Charles M. Madigan, a professor at Roosevelt University, makes the following observation in the Chicago Tribune, while discussing the possibility of a political realignment.

A lot of people are disturbed by the possibility of realignment, largely because realignments change the direction of politics and government so completely that what comes after one bears little resemblance to what happened before.

Prof. Madigan isn’t sure if a realignment will occur, although he says that all the pieces are in place. But his point about realignments changing ‘the direction of politics so completely that what comes after one bears little resemblance to what happened before’ is one that I’ve been making to my liberal friends and on this page for about a year now. Politics is the art of the possible. As bad as the Bush years were, imagine if the Democrats had not retained the ability to filibuster. Imagine the kind of change the Bushies could have imposed on the country in that circumstance? It’s truly frightening to contemplate. And that is why the Republicans are getting really frightened as they look at the polls in the both the presidential and senate elections.

Years in the minority, where the Democrats have not been particularly effective, have led most of my progressive friends to a point of toxic cynicism. Most of them don’t think the Democrats would do the right thing even given the chance to do so unopposed. With experience as a teacher, it’s hard to argue with them. But there is another kind of experience that comes with a familiarity with a longer arc of history.

We’re on the cusp of an historic realignment of power. To put this in perspective, all historians see the 1980 election as a realignment and a clear marker of a change in attitudes about the government. And that’s true. But Ronald Reagan never controlled the House and didn’t control the Senate for his whole term. The real realignment didn’t reach fruition until the 2002 election, which gave Bush control of Congress. But, even in the 2003-2007 period, Bush had to confront the filibuster. [Bush controlled Congress for the first half of 2001, until Sen. Jim Jeffords of Vermont defected from the GOP caucus]. Obama, on the other hand, is poised to enter office with at least 250 Democratic members of the House and 58 members of the Senate.

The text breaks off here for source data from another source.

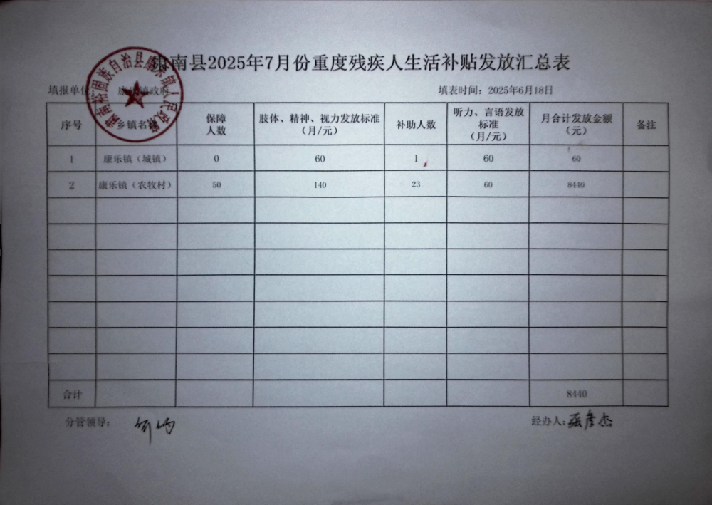 肃南县康乐镇2025年7月份重度残疾人生活补贴发放汇总表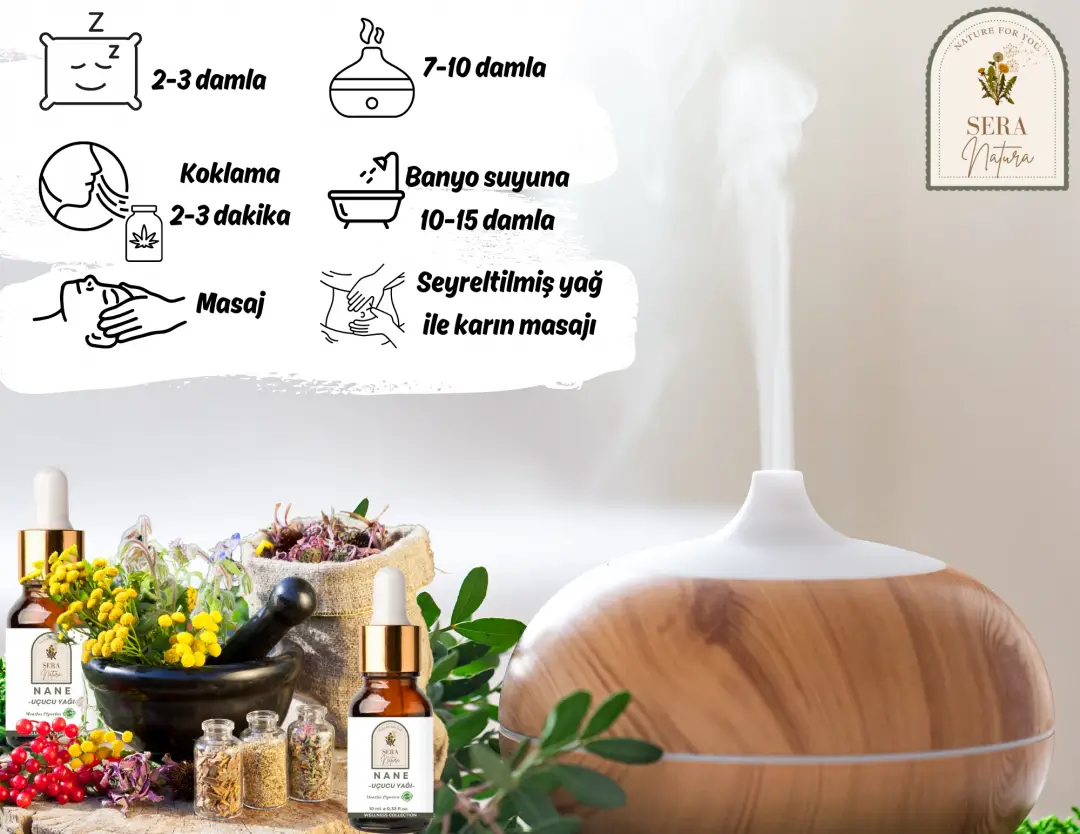 Nefes Açıcı: Nane yağını aromaterapi amacıyla kullanabilirsiniz. Difüzöre birkaç damla nane yağı damlatarak odayı ferahlatabilirsiniz. Nane yağının buharını solumak, rahatlamanıza yardımcı olur ve solunum yollarını açar.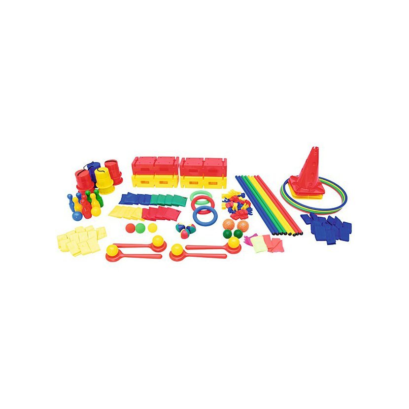 Sada 67 ks různého sportovního náčiní, pro uskladnění ve vozíku na sportovní náčiní (H2100039). • H2604043 Měkké Žonglérské míčky 3 ks • H2144070 Kuželky 1 sada • H2077001 Molitanové míčky prům. 7 cm, 3 ks • H2522010 Masážní míčky 2 ks • H2550030 Ringo kroužky 3 ks • H2610064 Taneční šátky L 4 ks • H2500057 Smart lžíce 4 ks •H2500045 Pytlíky s hrachem 16 ks • H2550011 Mini chůdy 4 páry • H2550018 Žluté šerpy 12 ks • H2550019 Modré šerpy 12 ks •H2522042 Míček s bodlinami 2 ks •H2500126 Gymnastická sada 1 ks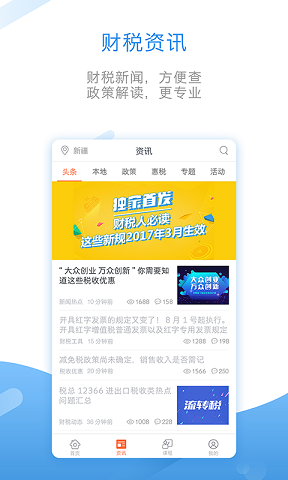财税人的专业服务平台; 财税咨讯:第一时间了解财税新闻与政策解读, 以及更多本地财税资讯,让你随时查看 ,网课面授:多样化的课程及面授报名,面授后可互动交流,及时解答您的疑问,让您及时预约 ,财税疑问:提供最专业、最权威的专家为您答疑,回复高效,解答精准可靠并有可操作性,让您随时提问 ,实用工具:提供个人实用工具及涉税服务工具,让您体验快捷便利

At this point, those numbers would be a slight disappointment. The last time a party enjoyed that level of power was in the 89th Congress (1965-1966).

Let’s take a look at that Congress’ legislative accomplishments:

* 1965-04-11 — Elementary and Secondary Education Act, Pub.L. 89-10, 79 Stat. 77
* 1965-07-30 — Social Security Act of 1965 including Medicaid and Medicare, Pub.L. 89-97, 79 Stat. 286
* 1965-08-06 — Voting Rights Act, Pub.L. 89-110, 79 Stat. 437
* 1965-10-03 — Immigration and Nationality Act of 1965, (Hart-Celler Act, INS Act) Pub.L. 89-236
* 1965-10-20 — Motor Vehicle Air Pollution Control Act, Pub.L. 89-272, 79 Stat. 992, including Solid Waste Disposal Act
* 1965-11-08 — Higher Education Act, Pub.L. 89-329, 79 Stat. 1219
* 1966-04-13 — Uniform Time Act, Pub.L. 89-387, 80 Stat. 107
* 1966-09-06 — Freedom of Information Act, Pub.L. 89-554, 80 Stat. 383
* 1966-09-09 — National Traffic and Motor Vehicle Safety Act, Pub.L. 89-563, 80 Stat. 718
* 1966-10-15 — National Historic Preservation Act, Pub.L. 89-665, 80 Stat. 915
* 1966-10-15 — Department of Transportation Act, Pub.L. 89-670, 80 Stat. 931
* 1966-11-02 — Cuban Adjustment Act, Pub.L. 89-732, 80 Stat. 1161

The sheer force of this progressive legislation, in combination with the escalating war in Vietnam, led to an electoral backlash in 1966 and again in 1968 and 1972. And I expect the next Congress, which is perhaps too cognizant of that backlash, to exercise more caution than the 89th Congress displayed. But, the point stands. On virtually every piece of legislation that Democrats have been working on in think-tanks over the last fourteen years, the assumption has been that a key component in crafting bills is to overcome the filibuster or win over moderate Republicans. This is actually a problem, because Democrats are not prepared to throw good bills into the queue that take advantage of our super or near super-majorities. But that will iron itself out. The Democrats, just like the media, just like my liberal friends, cannot yet imagine the kind of power they are about to inherit.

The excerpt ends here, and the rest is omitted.